This
has been quite a decade for global corporate leaders,
volatile not only in terms of their actual fortunes,
but perhaps even more so with respect to the shifting
perceptions of society. When the decade began, large
corporations and those at their helm were at the peak
of their power, flush with riches delivered by the
dotcom boom in the US economy as well as the vast
opportunities created by easier access to global markets.
Along with economic wealth came social approbation.
The glorification of business leaders became the norm,
not only in the US and other developed countries,
but especially in "newly emerging" economies
like India, where media and other public celebration
of individual business success was warranted by the
perception that such leaders were crucial for the
overall development of the economy.
Celebration of financial success also meant encouraging
the specific motivation that was seen to drive economic
activity. The unalloyed focus on the material benefits
that capitalism was seen to deliver (at least for
the fortunate minority, if not for most of the world's
population) led to an appreciation of the qualities
that capitalist functioning is based on: individualism
and the competitive spirit.
Capitalism as a system is based on greed, on the harnessing
of individual self-interest to the common good. This
has been known by analysts of political economy for
a very long time. In 1776, Adam Smith's famous and
still widely quoted passage in the Wealth of Nations
noted that "It is not from the benevolence of
the butcher, the brewer, or the baker, that we expect
our dinner, but from their regard to their own interest.
We address ourselves, not to their humanity but to
their self love, and never talk to them of our own
necessities but of their advantages."
More recently, the more famous quotation was probably
that of Gordon Gekko, the fictional hero of the 1987
film Wall Street: "Greed, for lack of a better
word, is good. Greed is right, greed works. Greed
clarifies, cuts through, and captures the essence
of the evolutionary spirit. Greed, in all of its forms--greed
for life, for money, for love, knowledge--has marked
the upward surge of mankind."
The crash of the dotcom boom in 2001 changed all that,
not because any underlying realities were different,
but because the collapse of bubble-driven profitability
forced many accounting worms to crawl out of corporate
cupboards. A series of corporate scandals and failures
rocked the US economy in 2001 and 2002--from Enron
and WorldCom to Adelphi and even one of the top five
accounting firms, Arthur Andersen. It turned out that
much of the much-hyped growth and profits were illusory,
based on fraud and data manipulation, or simply put,
lies.
Two points that emerged then are still relevant today.
First, such scams are not new or unexpected; in fact
they are part of capitalism's normal functioning.
Only the most naïve of interpretations of the
history of capitalism would leave out the crucial
role played by fraud, deceit and open crime in the
accumulation of capital and its subsequent use. The
notion that the "new" capitalism is somehow
more open, accountable and democratic, is a false
illusion purveyed by the capitalist media which also
have major stakes in the system.
The second point is that such scams typically emerge
at the end of a boom, or when it is beginning to peter
out. It is not that the scams cause the financial
or economic collapse; rather, they are symptoms of
the turning point, when companies find that profit
expectations are not being met, and try to prevent
or delay the anticipated downturn with whatever means
they possess, including fraud. Thus, while many of
the financial malpractices continued for several years,
they were exposed only when economic slowdown and
the stock market bear trend fed into each other.

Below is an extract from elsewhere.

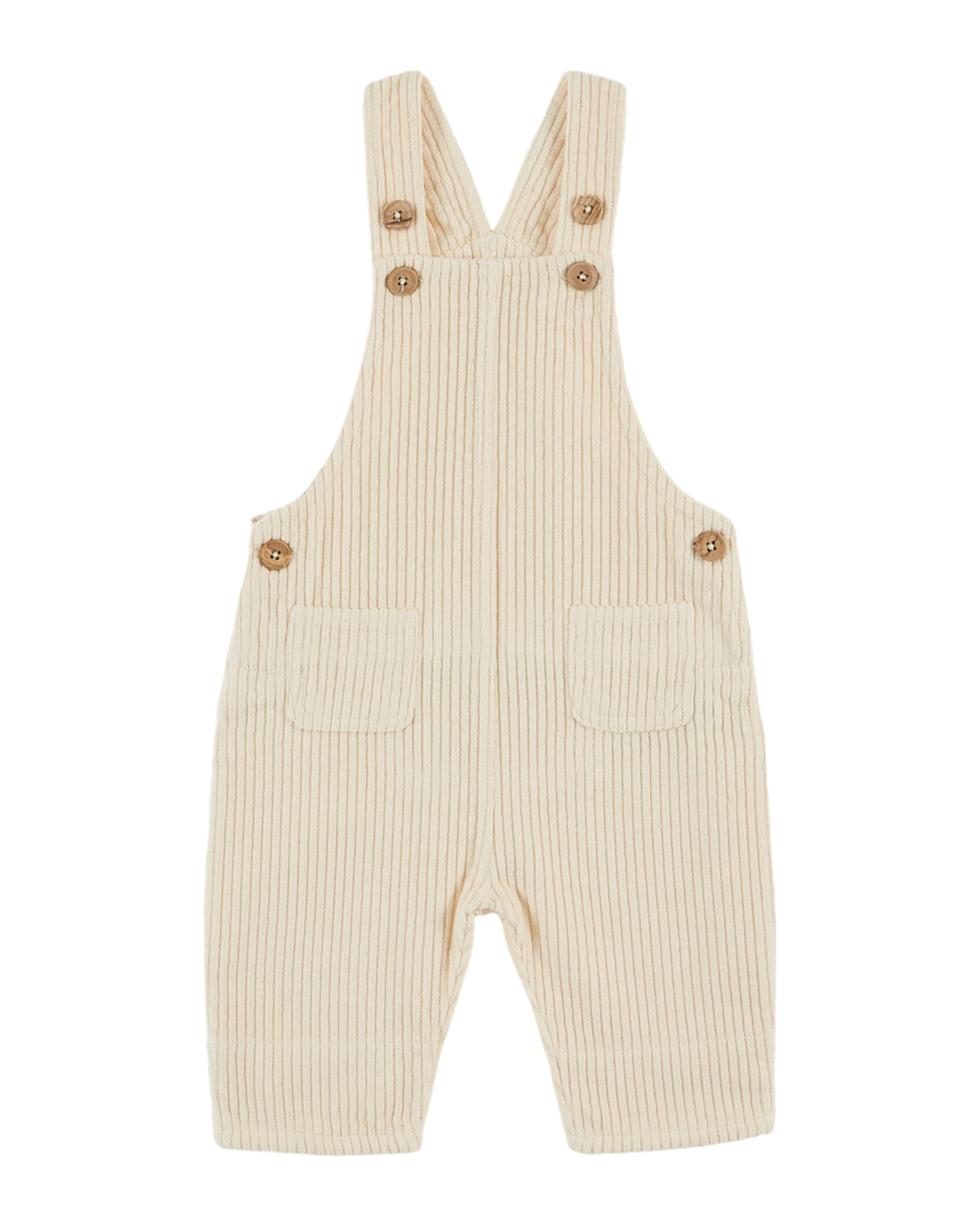 Salopette en velours de coton à grosses côtes écru uni.

For a while after that, there were some attempts at
restraint. There were some widely advertised cases
of chastisement and even legal punitive action against
those corporate honchos who were seen as most at fault,
but they were simply the fall guys in a much wider
system of malpractice. The Sarbanes-Oxley Act of 2002
in the US attempted to make the financial activities
of publicly-listed companies more transparent and
bring in more regulation.
But then yet another (policy created) bubble in the
US--this time directed to the housing market and financial
proliferation--once again diverted attention and brought
back the glory days for risk-loving CEOs of large
companies, especially financial firms. The period
2002 to 2007 thus became, in the US and globally,
a repeat of the earlier 1990s process on an even larger
scale. It was the same dance, to just a slightly different
tune, and joined by many more economic agents all
over the world. Greed and boundless market optimism
were back in fashion again.
The collapse of the sub-prime housing market from
late 2006 indicated that this dance could not go on
for much longer either, even though governments and
markets across the world were in denial for several
months thereafter. By late summer 2008, the crisis
could no longer be averted, and though some analysts
date the beginning of the crisis to the collapse of
Lehman Brothers in September 2008, the actual unwinding
had already begun.
And the current crisis is not over yet. The major
imbalances that were at the heart of the crisis still
persist: the imbalance between finance and the real
economy; the global macroeconomic imbalances; and
the ecological imbalance resulting from the pattern
of growth. The methods adopted to deal with the crisis
have not really helped. Banks that were "too
big to fail" have become "too bigger to
fail". The humongous bailouts have generated
unprecedented moral hazard among financial players
and other companies because they have not come with
adequate regulation.
Even if collective policies somehow try to generate
yet another bubble, there is clearly going to be more
financial turmoil, and this will mean more financial
scams, collapses and needs for bailout. And the captains
of industry will once again face a bad press and public
hostility.
Of course, global capitalism has managed to reinvent
itself before, and may well do so again. But whichever
way you slice it, this requires a major change of
course--it cannot be based on business as usual.
December
23, 2009.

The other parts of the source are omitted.